В лесу стояла тишина.
Мать шла впереди, дочь — сзади. Они не проронили ни слова, но, приблизившись к озерцу, на минутку остановились и переглянулись. Раздвинув ветки, мать шагнула на полянку. На поверхности воды плавали только веточки и больше ничего. День был солнечный, но холодный. Стоило захватить что-нибудь поесть или, по крайней мере, термос. А так не было повода присесть и передохнуть, нечем загладить разочарование от того, что тут ничего не оказалось.
На обратном пути мать пыталась завести разговор, но дочь отвечала односложно, не враждебно, но так, будто задернула шторы и забралась с ногами на кресло, опустив подбородок на грудь. Она закрылась в себе намеренно, подумала мать. И так каждый раз.
Дочь первой заметила сверток.
Когда в конце грунтовой дороги показался дом, она увидела, что на каменных ступеньках что-то лежит; когда они уходили, там ничего не было. Остановилась, поднеся руку к губам. Мать, смотревшая на ленивое полуденное небо, взглянула сначала на дочь, а потом уж в сторону дома. Заметив сверток, она решительно подошла к крыльцу и размотала покрывало. Закрыв глаза и тихонько поскуливая, щенок извивался, как только что вылупившаяся личинка. Мать присела на ступеньки и уложила сверток на колени. Погладила щенка по голове, а тот понюхал ее руку, открыл пасть и попытался сосать; выглядел он упитанным, в нем говорил скорее инстинкт, чем голод.
Дочь подошла и села рядом. Глаза у нее были влажные. Она наклонилась и зарылась кончиком носа в мягкую щенячью шерсть.
— Боже мой, — пробормотала дочь.
Мать кивнула и сдержанно произнесла:
— Но он только один.
И правда, щенок был только один.
Они занесли щенка в дом и положили на пол в гостиной. Из кухни прибежала щенячья мамаша, сразу принялась тыкаться в кроху кончиком носа, истово облизывать его, стараясь смыть запах того места, где он побывал. Мать с дочерью стояли в дверях гостиной и смотрели на нее. Тщательно облизав щенка, собака пристроилась его кормить. Пока щенок толкался лапами и сосал, сонно похрюкивая, она печально смотрела на них карими глазами.

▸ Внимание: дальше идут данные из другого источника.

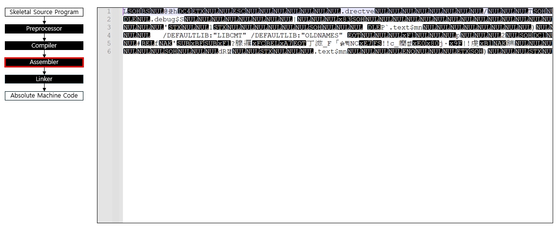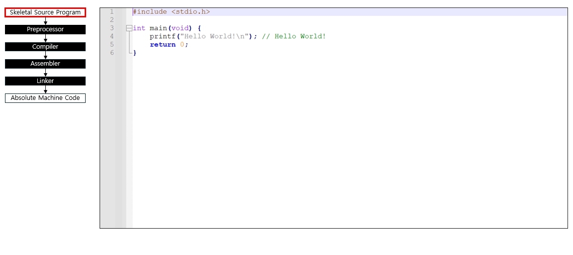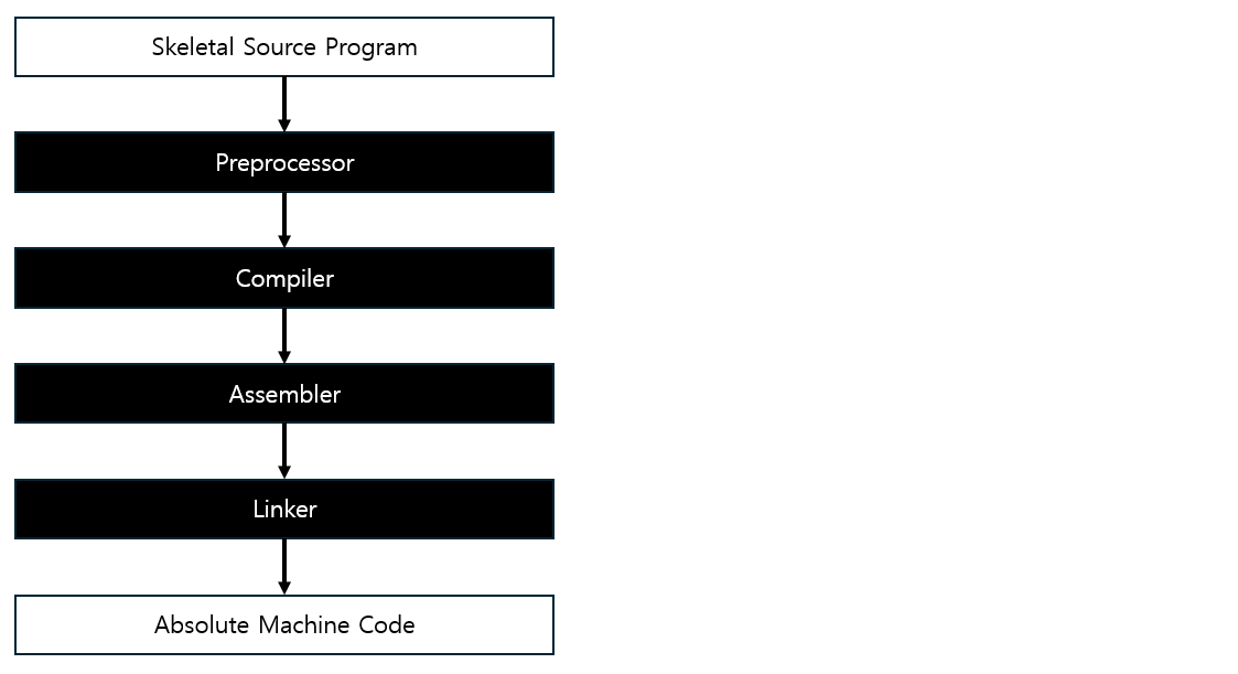 (1) (소스) Skeleton Source → (2) 전처리기(Preprocessor) → (3) 컴파일러(Front-Back-End) → (4) 어셈블러 → (5) 링커 → (6) 완전한 실행 파일(Absolute Machine Code)

Они молча пообедали. После этого дочь скрылась на втором этаже. Немного погодя спустилась с сумкой через плечо. Немногословно простились; подъехала машина, за лобовым стеклом молодой человек, рука поднята, настороженная улыбка; обнявшись с матерью, дочь трусцой побежала к машине. Мать пошла в ванную ополоснуть лицо холодной водой; из корзины с грязным бельем по-прежнему свешивалась белая блузка.
* * *
К ночи женщина уснула со щенком на коленях.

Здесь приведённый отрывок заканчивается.